* [DATA EXTRACT]:
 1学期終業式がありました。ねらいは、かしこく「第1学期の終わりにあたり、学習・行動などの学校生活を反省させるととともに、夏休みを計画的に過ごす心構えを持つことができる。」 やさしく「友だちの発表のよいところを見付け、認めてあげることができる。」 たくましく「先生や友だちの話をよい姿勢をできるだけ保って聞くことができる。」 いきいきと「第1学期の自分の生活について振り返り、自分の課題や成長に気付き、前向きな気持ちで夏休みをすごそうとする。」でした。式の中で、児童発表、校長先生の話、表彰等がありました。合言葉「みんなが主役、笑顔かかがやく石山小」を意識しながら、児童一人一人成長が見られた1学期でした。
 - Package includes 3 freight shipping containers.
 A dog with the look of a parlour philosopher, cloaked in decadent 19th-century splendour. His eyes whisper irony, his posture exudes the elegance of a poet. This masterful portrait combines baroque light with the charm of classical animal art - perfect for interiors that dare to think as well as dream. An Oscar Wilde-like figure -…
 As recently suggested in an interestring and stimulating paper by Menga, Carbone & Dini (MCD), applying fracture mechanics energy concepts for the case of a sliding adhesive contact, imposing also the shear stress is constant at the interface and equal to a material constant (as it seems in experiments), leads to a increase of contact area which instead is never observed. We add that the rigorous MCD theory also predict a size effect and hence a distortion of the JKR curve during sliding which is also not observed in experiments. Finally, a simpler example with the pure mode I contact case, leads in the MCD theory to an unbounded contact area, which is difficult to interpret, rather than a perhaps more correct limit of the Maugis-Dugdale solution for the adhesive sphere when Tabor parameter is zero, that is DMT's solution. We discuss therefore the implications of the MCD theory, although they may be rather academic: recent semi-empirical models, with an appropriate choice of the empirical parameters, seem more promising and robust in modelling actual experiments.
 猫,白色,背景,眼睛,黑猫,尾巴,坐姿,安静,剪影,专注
...
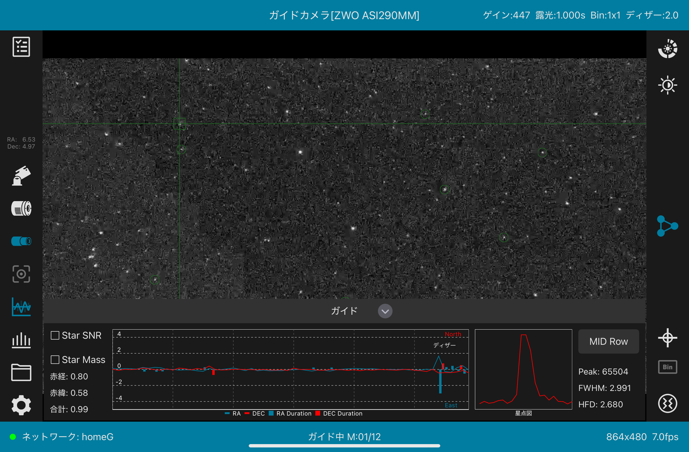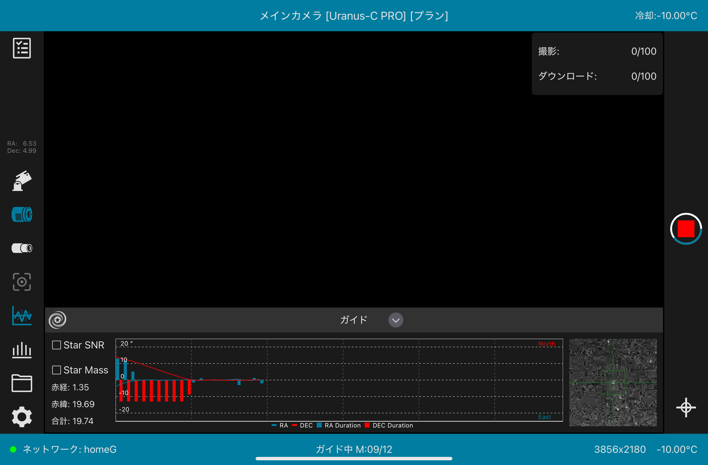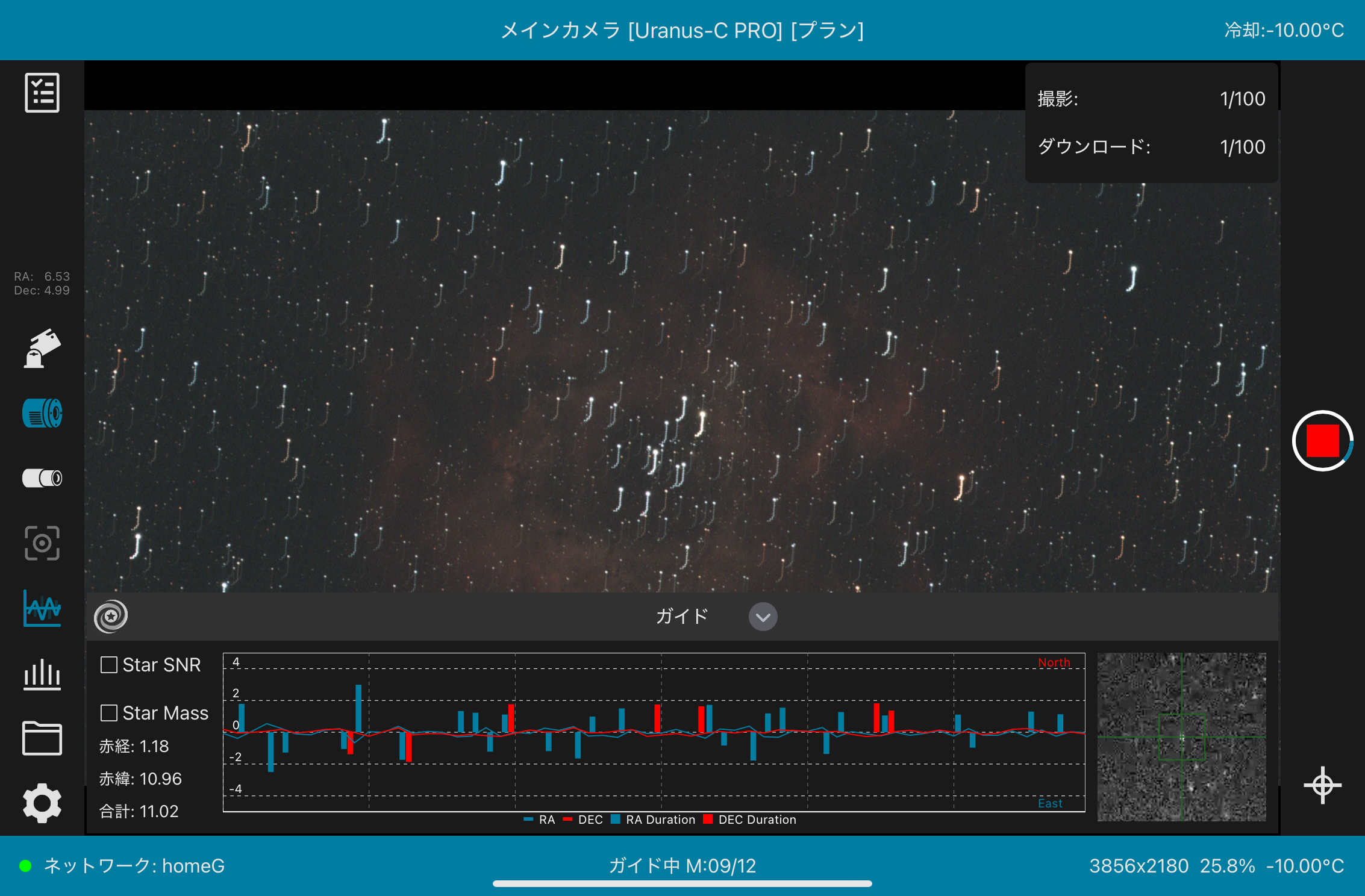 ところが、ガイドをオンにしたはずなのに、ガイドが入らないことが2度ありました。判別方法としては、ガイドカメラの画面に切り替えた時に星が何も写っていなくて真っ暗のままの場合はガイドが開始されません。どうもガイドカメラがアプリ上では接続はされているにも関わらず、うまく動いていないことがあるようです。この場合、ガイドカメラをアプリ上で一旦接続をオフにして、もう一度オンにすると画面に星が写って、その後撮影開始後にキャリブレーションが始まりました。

* [YOUR OBJECTIVE]:
Which lines of the material contain "that"? List them.

* [SOLUTION TO THE PROBLEM]:
 A dog with the look of a parlour philosopher, cloaked in decadent 19th-century splendour. His eyes whisper irony, his posture exudes the elegance of a poet. This masterful portrait combines baroque light with the charm of classical animal art - perfect for interiors that dare to think as well as dream. An Oscar Wilde-like figure -…
 As recently suggested in an interestring and stimulating paper by Menga, Carbone & Dini (MCD), applying fracture mechanics energy concepts for the case of a sliding adhesive contact, imposing also the shear stress is constant at the interface and equal to a material constant (as it seems in experiments), leads to a increase of contact area which instead is never observed. We add that the rigorous MCD theory also predict a size effect and hence a distortion of the JKR curve during sliding which is also not observed in experiments. Finally, a simpler example with the pure mode I contact case, leads in the MCD theory to an unbounded contact area, which is difficult to interpret, rather than a perhaps more correct limit of the Maugis-Dugdale solution for the adhesive sphere when Tabor parameter is zero, that is DMT's solution. We discuss therefore the implications of the MCD theory, although they may be rather academic: recent semi-empirical models, with an appropriate choice of the empirical parameters, seem more promising and robust in modelling actual experiments.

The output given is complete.